**Work instruction**
The answer must be an exact copy of the lines from the one containing "Bupati Tapsel Panen" through the last line of the records, with the pictures left out.

□ □ □

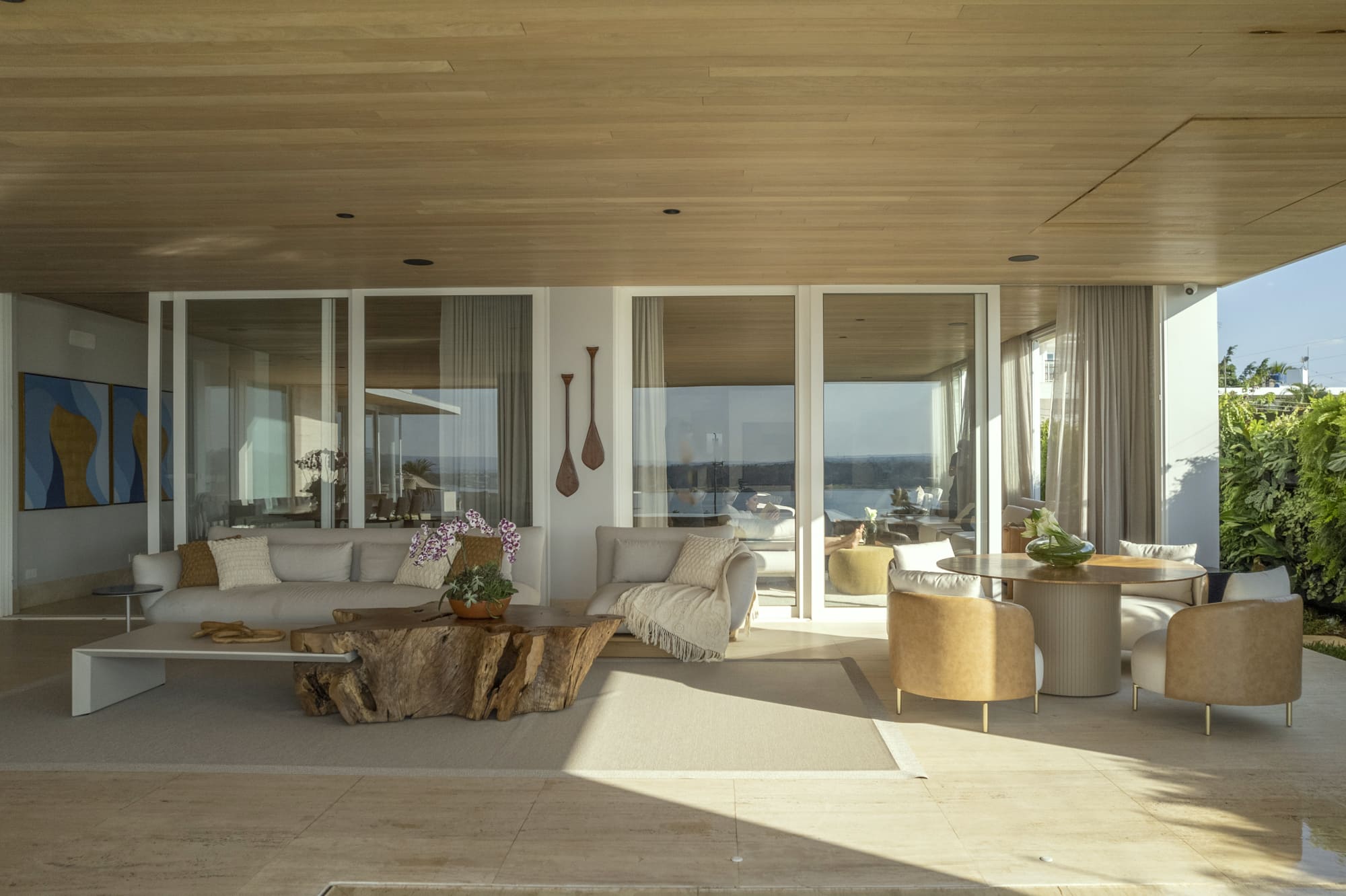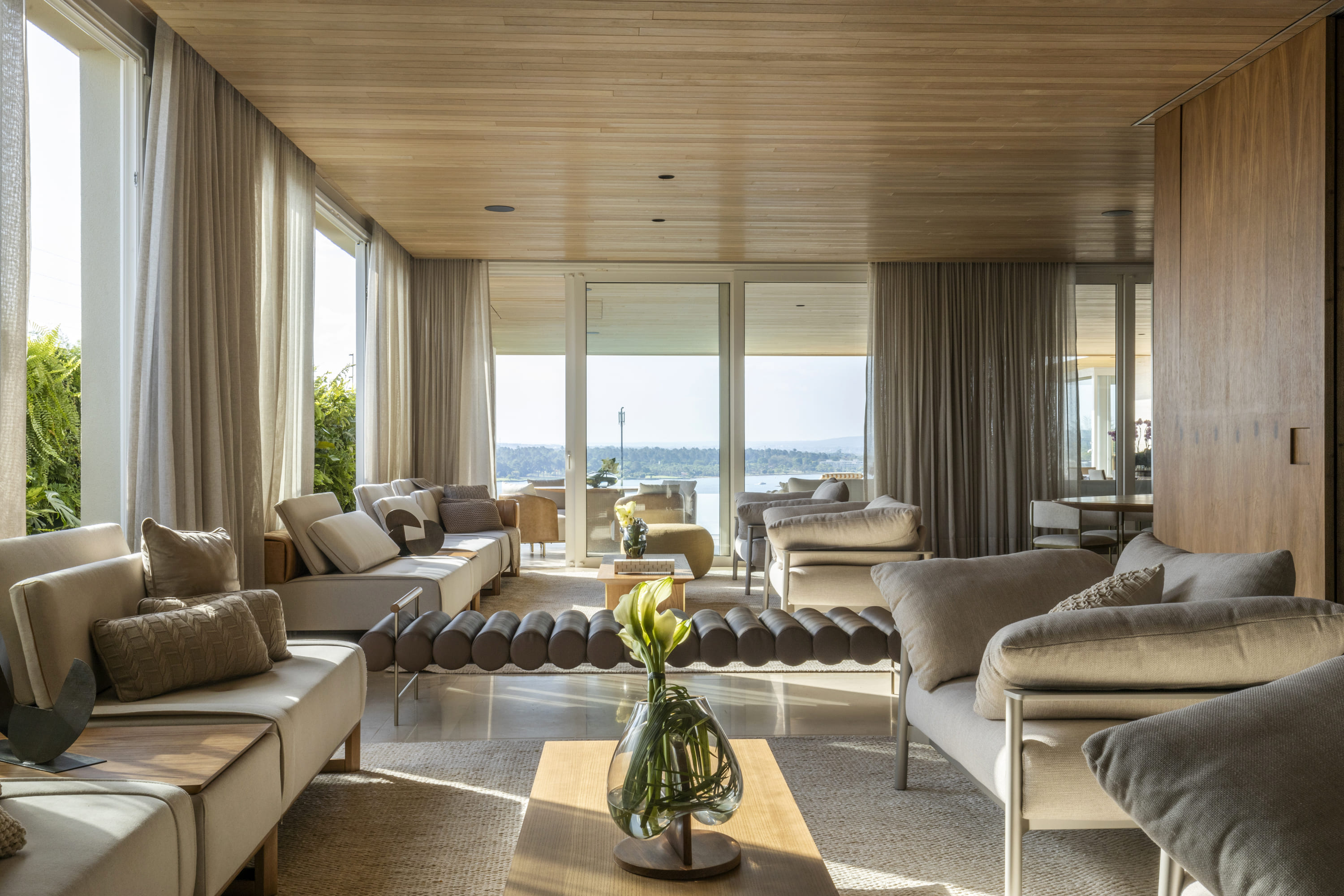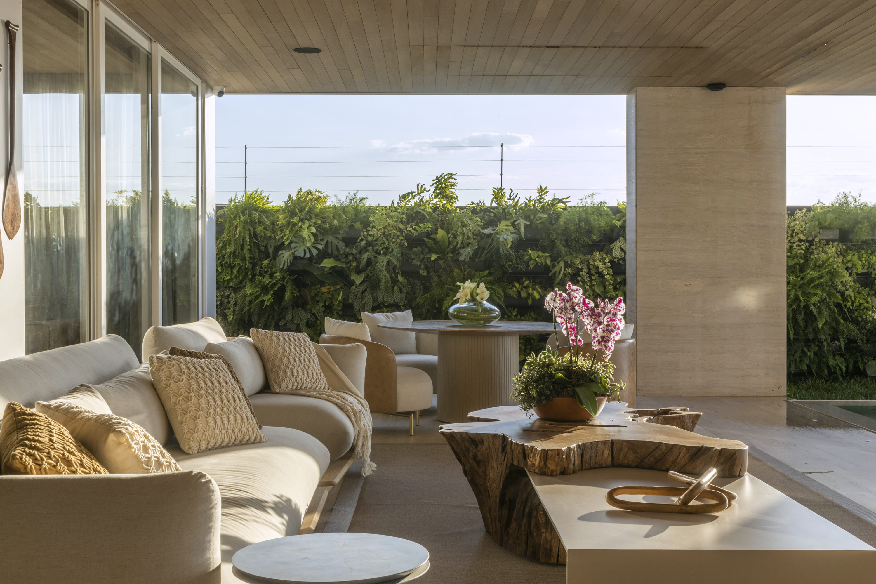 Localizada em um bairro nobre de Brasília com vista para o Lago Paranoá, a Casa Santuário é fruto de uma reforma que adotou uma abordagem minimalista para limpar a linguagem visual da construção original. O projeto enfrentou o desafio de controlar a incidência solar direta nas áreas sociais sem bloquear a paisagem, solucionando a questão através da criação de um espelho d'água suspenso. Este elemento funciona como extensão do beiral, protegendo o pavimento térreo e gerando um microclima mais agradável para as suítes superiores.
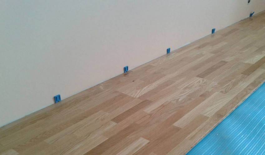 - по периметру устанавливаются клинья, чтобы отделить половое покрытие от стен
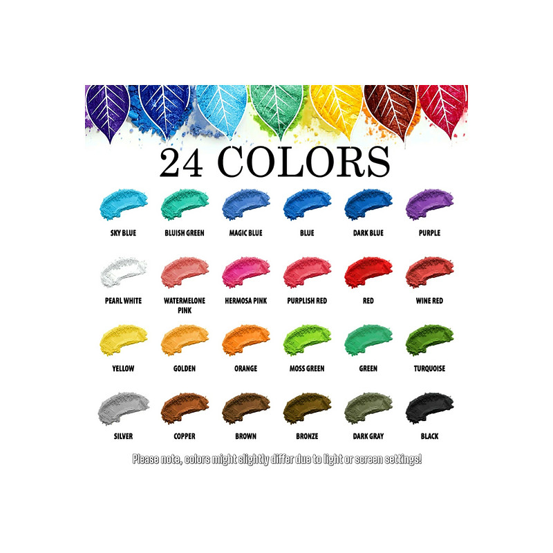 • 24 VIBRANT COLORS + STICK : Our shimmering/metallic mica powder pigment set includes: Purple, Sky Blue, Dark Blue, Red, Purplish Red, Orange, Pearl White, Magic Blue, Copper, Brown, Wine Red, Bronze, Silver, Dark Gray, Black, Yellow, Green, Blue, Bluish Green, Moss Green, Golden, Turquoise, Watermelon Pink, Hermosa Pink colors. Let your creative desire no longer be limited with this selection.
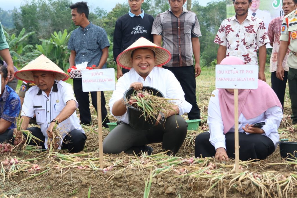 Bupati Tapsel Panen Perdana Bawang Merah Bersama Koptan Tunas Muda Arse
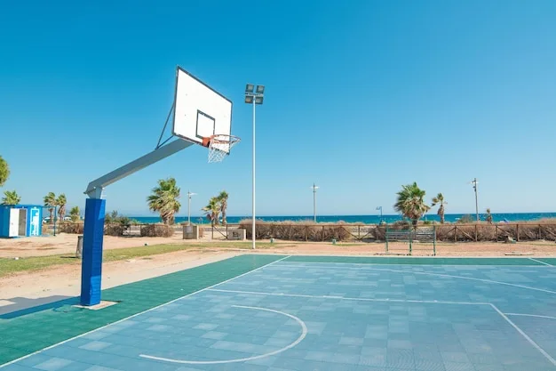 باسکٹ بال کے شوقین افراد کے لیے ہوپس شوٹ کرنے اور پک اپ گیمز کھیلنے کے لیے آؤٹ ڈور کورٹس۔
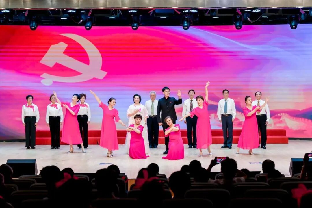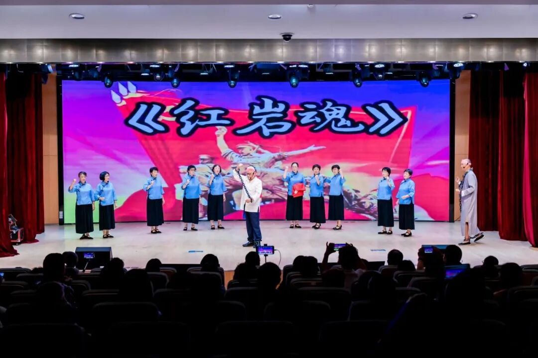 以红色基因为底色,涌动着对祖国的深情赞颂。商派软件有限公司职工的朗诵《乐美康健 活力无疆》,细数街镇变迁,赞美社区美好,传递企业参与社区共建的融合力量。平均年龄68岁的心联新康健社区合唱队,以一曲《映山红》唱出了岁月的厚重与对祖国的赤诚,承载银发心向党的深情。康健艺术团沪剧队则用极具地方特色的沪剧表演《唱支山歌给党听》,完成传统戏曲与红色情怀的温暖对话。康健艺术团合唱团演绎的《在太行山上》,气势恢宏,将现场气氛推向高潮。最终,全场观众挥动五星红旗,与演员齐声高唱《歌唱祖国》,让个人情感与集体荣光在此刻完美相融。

□ □ □

**Task result**
 Bupati Tapsel Panen Perdana Bawang Merah Bersama Koptan Tunas Muda Arse
 باسکٹ بال کے شوقین افراد کے لیے ہوپس شوٹ کرنے اور پک اپ گیمز کھیلنے کے لیے آؤٹ ڈور کورٹس۔
 以红色基因为底色,涌动着对祖国的深情赞颂。商派软件有限公司职工的朗诵《乐美康健 活力无疆》,细数街镇变迁,赞美社区美好,传递企业参与社区共建的融合力量。平均年龄68岁的心联新康健社区合唱队,以一曲《映山红》唱出了岁月的厚重与对祖国的赤诚,承载银发心向党的深情。康健艺术团沪剧队则用极具地方特色的沪剧表演《唱支山歌给党听》,完成传统戏曲与红色情怀的温暖对话。康健艺术团合唱团演绎的《在太行山上》,气势恢宏,将现场气氛推向高潮。最终,全场观众挥动五星红旗,与演员齐声高唱《歌唱祖国》,让个人情感与集体荣光在此刻完美相融。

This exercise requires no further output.